Very interesting article and map regarding Mexican migration.  I'm not very familiar with Mexican states, provinces, or cities, but someone who is would find this article interesting.  It talks about each province in Mexico, how many people emigrate away from there, and where they immigrate to. 

Irvin Sierra's curator insight, October 14, 2014 10:51 PM

This relates o the topic that we are talking about in class because it has to do with migration. This topic is showing us how many people from Mexico come to the US especially more from Morelos. I didn't think that most Mexicans would come from that sate. That's what makes it interesting because I thought that more people would migrate to the US from other parts of Mexico. Like i know a lot of people from here in Longmont who are mostly from Durango and even from Guanajuato, from where i am from. My dad actually migrated from Mexico to the US and well basically i did too as well as my mom except for my sister. My dad wanted to Migrate here so that he could have a better job and life for him and us. It sucks how the number of migrants from Mexico have slowed down, because most of the undocumented people and just the ones who come from Mexico are helping the U.S with the population as well as the jobs around here. 

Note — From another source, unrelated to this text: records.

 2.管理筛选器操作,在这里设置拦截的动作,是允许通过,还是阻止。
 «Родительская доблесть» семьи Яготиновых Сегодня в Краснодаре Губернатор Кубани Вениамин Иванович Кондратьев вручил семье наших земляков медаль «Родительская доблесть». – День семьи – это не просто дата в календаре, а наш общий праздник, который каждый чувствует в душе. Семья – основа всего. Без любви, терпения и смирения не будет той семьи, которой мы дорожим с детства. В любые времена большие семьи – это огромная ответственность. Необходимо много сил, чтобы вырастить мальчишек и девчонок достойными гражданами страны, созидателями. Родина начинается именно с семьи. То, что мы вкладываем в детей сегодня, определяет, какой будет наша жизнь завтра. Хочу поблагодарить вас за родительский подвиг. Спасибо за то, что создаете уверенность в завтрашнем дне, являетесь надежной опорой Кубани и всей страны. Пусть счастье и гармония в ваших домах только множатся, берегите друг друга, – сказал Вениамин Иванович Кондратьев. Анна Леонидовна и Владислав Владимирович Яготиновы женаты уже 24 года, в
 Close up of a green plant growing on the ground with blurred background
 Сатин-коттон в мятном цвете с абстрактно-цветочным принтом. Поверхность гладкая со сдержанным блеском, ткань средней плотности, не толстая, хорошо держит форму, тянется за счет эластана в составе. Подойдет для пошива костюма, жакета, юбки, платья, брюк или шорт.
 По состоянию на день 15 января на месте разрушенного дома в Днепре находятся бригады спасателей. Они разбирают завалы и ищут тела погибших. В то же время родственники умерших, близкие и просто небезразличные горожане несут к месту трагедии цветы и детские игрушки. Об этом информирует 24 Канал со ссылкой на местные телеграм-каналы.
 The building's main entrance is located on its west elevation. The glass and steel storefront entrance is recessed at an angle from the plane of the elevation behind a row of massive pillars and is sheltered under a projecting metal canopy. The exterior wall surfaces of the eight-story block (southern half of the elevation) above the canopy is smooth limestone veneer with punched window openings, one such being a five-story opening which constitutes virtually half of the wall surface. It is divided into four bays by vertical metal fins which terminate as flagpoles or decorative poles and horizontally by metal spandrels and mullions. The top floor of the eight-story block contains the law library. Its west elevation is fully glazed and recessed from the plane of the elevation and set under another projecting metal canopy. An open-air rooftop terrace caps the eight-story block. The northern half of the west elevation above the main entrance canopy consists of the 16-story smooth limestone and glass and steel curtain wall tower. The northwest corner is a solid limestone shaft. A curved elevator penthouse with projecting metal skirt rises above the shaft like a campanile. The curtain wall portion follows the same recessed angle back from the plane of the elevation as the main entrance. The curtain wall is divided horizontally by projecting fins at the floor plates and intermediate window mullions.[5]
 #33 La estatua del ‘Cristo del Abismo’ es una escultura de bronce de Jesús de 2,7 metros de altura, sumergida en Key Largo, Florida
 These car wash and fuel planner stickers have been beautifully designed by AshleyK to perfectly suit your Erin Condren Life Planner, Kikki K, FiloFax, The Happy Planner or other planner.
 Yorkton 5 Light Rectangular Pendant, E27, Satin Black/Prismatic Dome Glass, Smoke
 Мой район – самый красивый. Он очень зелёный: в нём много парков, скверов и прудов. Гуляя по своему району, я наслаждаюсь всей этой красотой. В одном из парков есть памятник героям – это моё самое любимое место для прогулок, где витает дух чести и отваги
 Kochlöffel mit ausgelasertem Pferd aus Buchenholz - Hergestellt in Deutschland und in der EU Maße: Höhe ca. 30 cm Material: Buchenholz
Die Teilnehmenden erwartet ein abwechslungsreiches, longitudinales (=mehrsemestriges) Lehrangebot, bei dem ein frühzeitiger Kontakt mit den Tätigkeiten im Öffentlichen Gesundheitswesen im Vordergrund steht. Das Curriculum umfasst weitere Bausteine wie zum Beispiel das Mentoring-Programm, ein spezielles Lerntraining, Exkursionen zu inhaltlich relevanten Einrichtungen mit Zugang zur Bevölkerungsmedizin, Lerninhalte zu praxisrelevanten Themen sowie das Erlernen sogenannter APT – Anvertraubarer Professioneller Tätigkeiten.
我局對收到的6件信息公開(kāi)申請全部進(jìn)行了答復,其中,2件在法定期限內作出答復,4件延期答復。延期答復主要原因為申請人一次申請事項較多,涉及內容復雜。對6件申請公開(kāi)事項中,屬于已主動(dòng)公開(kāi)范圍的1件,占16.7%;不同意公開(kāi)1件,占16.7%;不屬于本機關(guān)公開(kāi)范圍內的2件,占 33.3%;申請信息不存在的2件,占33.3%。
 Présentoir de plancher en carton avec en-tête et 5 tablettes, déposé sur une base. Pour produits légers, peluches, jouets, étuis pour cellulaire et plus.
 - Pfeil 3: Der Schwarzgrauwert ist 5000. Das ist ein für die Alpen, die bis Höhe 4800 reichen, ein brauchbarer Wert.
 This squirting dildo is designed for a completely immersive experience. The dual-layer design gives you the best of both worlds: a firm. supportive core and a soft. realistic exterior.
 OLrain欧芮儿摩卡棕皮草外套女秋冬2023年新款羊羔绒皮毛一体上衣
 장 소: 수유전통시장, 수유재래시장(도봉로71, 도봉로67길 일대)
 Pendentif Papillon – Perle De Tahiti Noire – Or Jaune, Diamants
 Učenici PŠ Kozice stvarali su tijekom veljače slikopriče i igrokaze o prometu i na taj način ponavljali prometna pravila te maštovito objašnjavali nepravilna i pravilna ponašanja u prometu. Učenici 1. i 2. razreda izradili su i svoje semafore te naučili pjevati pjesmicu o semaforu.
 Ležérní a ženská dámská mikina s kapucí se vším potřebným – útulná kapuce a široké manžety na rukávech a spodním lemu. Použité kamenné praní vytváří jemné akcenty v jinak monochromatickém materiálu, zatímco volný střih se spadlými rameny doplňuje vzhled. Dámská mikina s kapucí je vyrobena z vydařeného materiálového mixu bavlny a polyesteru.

Jason Schneider's curator insight, February 3, 4:09 PM

When it comes to ethnic groups in the United States, many of the hispanic/mexican ancestors occur in the southwestern area of the United States. That's obviously because Mexico is southwest of the United States. When it comes to emigrating from Mexico, individuals immigrate to the United States (mostly southwest of the United States) so they can live a different, hopefully better economy. Plus, they try to escape the gang violence and drug violence in Mexico.